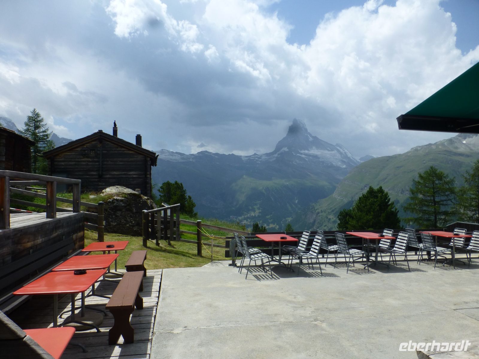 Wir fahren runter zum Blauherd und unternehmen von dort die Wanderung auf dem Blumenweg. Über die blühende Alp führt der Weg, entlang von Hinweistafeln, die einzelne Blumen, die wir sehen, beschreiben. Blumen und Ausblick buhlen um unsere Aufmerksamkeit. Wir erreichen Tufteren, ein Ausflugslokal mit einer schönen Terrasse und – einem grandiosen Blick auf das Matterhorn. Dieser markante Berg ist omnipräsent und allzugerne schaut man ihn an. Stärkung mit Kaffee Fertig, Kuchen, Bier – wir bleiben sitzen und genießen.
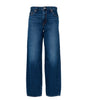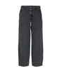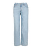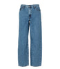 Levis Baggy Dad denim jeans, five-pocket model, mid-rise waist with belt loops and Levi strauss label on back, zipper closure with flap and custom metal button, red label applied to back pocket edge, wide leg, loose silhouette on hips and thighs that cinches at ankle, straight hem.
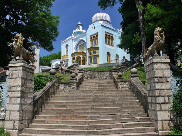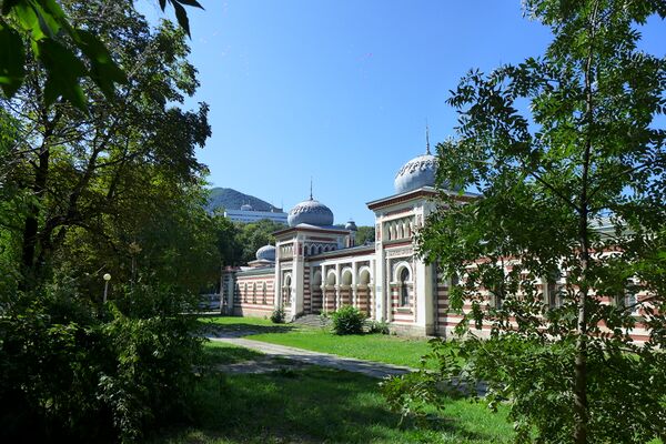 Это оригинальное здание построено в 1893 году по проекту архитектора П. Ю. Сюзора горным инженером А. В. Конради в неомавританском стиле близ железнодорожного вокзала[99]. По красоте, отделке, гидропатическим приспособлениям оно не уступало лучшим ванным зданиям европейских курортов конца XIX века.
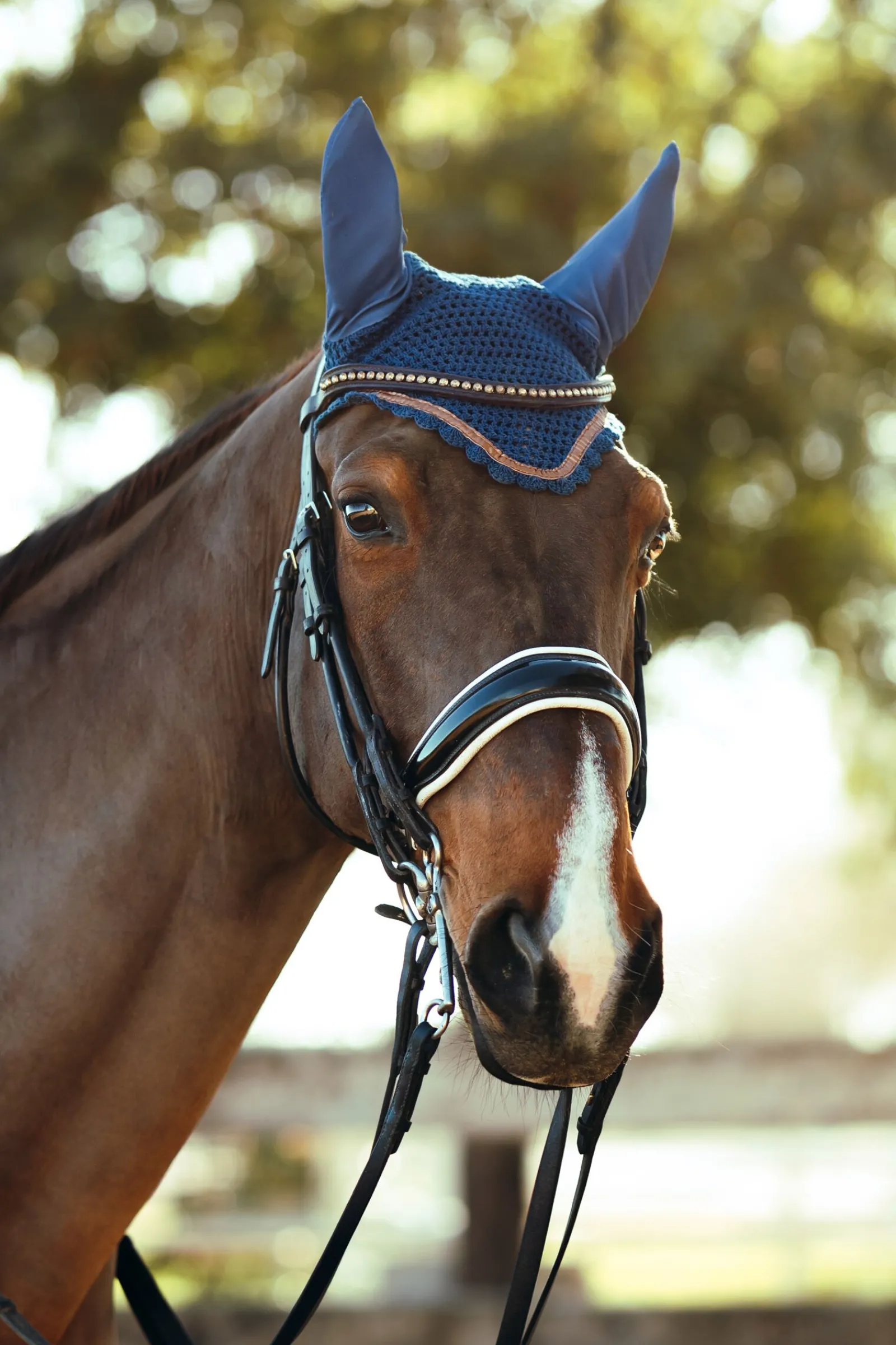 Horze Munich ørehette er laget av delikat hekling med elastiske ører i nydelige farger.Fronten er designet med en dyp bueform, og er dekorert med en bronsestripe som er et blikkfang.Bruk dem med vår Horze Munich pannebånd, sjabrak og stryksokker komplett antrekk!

---

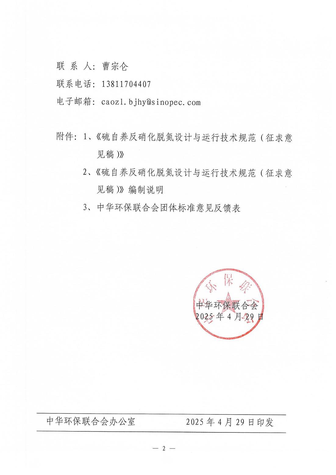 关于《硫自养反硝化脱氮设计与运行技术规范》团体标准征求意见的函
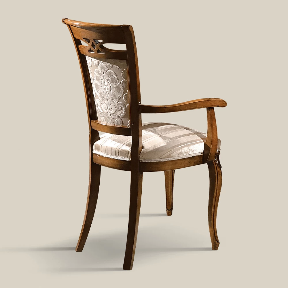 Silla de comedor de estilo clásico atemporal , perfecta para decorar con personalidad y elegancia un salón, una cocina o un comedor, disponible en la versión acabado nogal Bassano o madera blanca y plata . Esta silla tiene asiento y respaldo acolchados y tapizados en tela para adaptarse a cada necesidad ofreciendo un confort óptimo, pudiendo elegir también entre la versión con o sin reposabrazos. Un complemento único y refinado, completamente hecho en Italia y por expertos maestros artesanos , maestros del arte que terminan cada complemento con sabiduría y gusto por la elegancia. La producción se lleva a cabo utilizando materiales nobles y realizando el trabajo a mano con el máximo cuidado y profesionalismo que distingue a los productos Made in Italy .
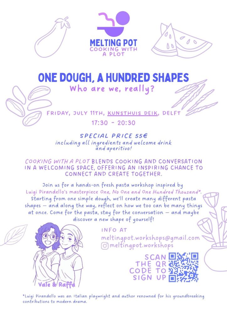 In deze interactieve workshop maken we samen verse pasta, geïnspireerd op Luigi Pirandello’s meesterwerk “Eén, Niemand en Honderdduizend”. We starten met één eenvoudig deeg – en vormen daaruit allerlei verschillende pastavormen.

REQUIRED ACTION:
When you reach the line containing "Wir fahren runter" in the entries above, begin restating word for word, and stop once the line containing "Levis Baggy Dad" has been given. Omit the pictures.

RESPONSE TO THE EXERCISE:
 Wir fahren runter zum Blauherd und unternehmen von dort die Wanderung auf dem Blumenweg. Über die blühende Alp führt der Weg, entlang von Hinweistafeln, die einzelne Blumen, die wir sehen, beschreiben. Blumen und Ausblick buhlen um unsere Aufmerksamkeit. Wir erreichen Tufteren, ein Ausflugslokal mit einer schönen Terrasse und – einem grandiosen Blick auf das Matterhorn. Dieser markante Berg ist omnipräsent und allzugerne schaut man ihn an. Stärkung mit Kaffee Fertig, Kuchen, Bier – wir bleiben sitzen und genießen.
 Levis Baggy Dad denim jeans, five-pocket model, mid-rise waist with belt loops and Levi strauss label on back, zipper closure with flap and custom metal button, red label applied to back pocket edge, wide leg, loose silhouette on hips and thighs that cinches at ankle, straight hem.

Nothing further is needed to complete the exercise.